> **EXERCISE GOAL**: Give back every line of the data exactly. Pictures are not part of the copy.

> **GIVEN INFORMATION**:
<<<<
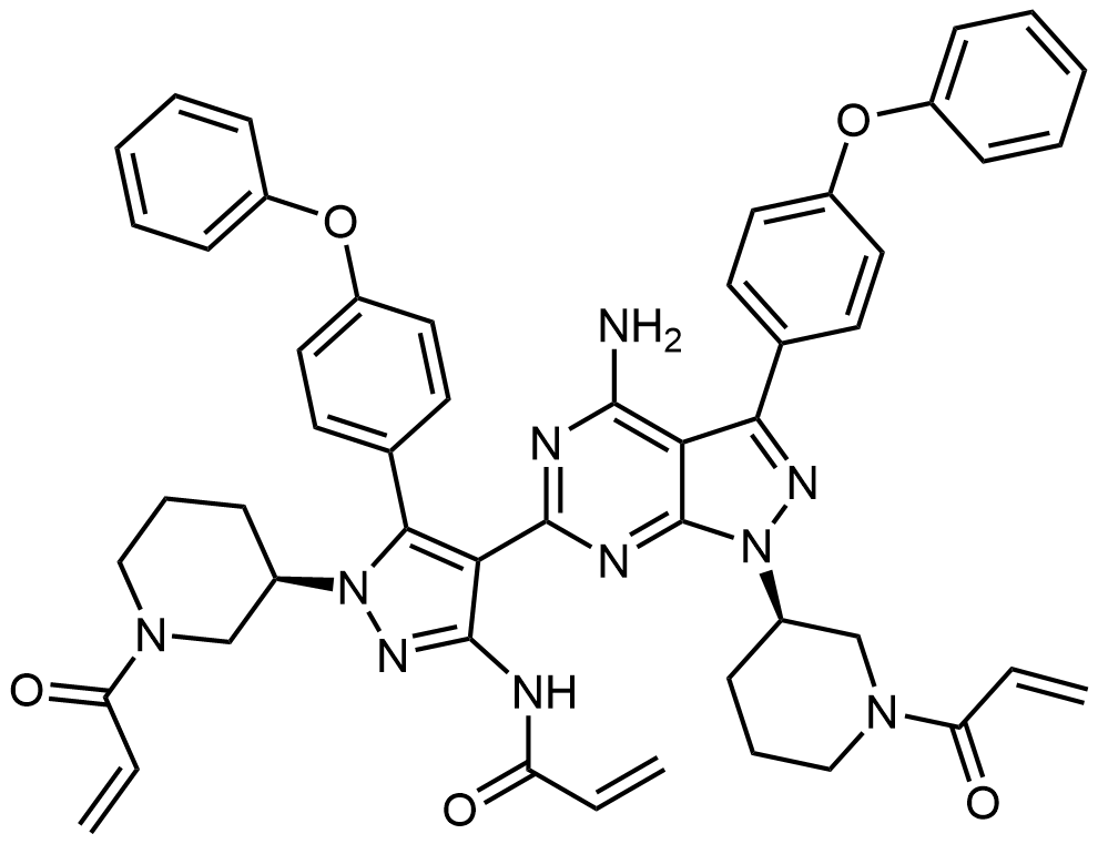 Synonyms: N-(1-((R)-1-acryloylpiperidin-3-yl)-4-(1-((R)-1-acryloylpiperidin-3-yl)-4-amino-3-(4-phenoxyphenyl)-1H-pyrazolo[3,4-d]pyrimidin-6-yl)-5-(4-phenoxyphenyl)-1H-pyrazol-3-yl)acrylamide
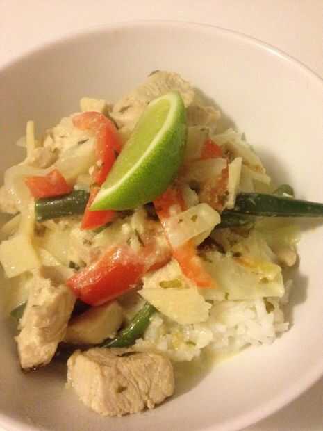 Esto es rápido, fácil y muy sabrosa. Más rápido y más barato que conseguir un punto de entrega.Vale la pena mantener la hierba de limón, hojas de Lima, y cilantro picado en su congelador - estos ingredientes realmente levantarán el sabor de un curry
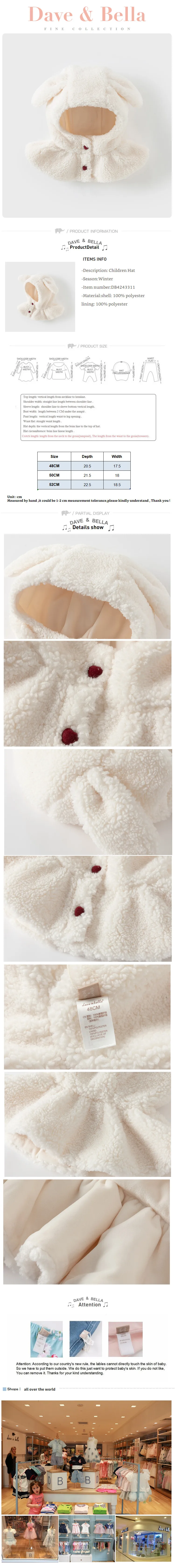 Dave Bella Boys Ear Protection Winter Autumn Plush Children's Baseball Cap Black White Panda Wide Brim Kids Warmth Hat DB4243604
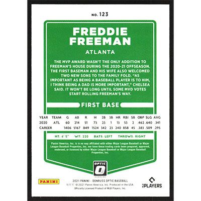 This is a 2021 Donruss Optic Freddie Freeman baseball card. The card is #123 and pictures show condition.
>>>>
> **ANSWER FOR THIS EXERCISE**:
 Synonyms: N-(1-((R)-1-acryloylpiperidin-3-yl)-4-(1-((R)-1-acryloylpiperidin-3-yl)-4-amino-3-(4-phenoxyphenyl)-1H-pyrazolo[3,4-d]pyrimidin-6-yl)-5-(4-phenoxyphenyl)-1H-pyrazol-3-yl)acrylamide
 Esto es rápido, fácil y muy sabrosa. Más rápido y más barato que conseguir un punto de entrega.Vale la pena mantener la hierba de limón, hojas de Lima, y cilantro picado en su congelador - estos ingredientes realmente levantarán el sabor de un curry
 Dave Bella Boys Ear Protection Winter Autumn Plush Children's Baseball Cap Black White Panda Wide Brim Kids Warmth Hat DB4243604
 This is a 2021 Donruss Optic Freddie Freeman baseball card. The card is #123 and pictures show condition.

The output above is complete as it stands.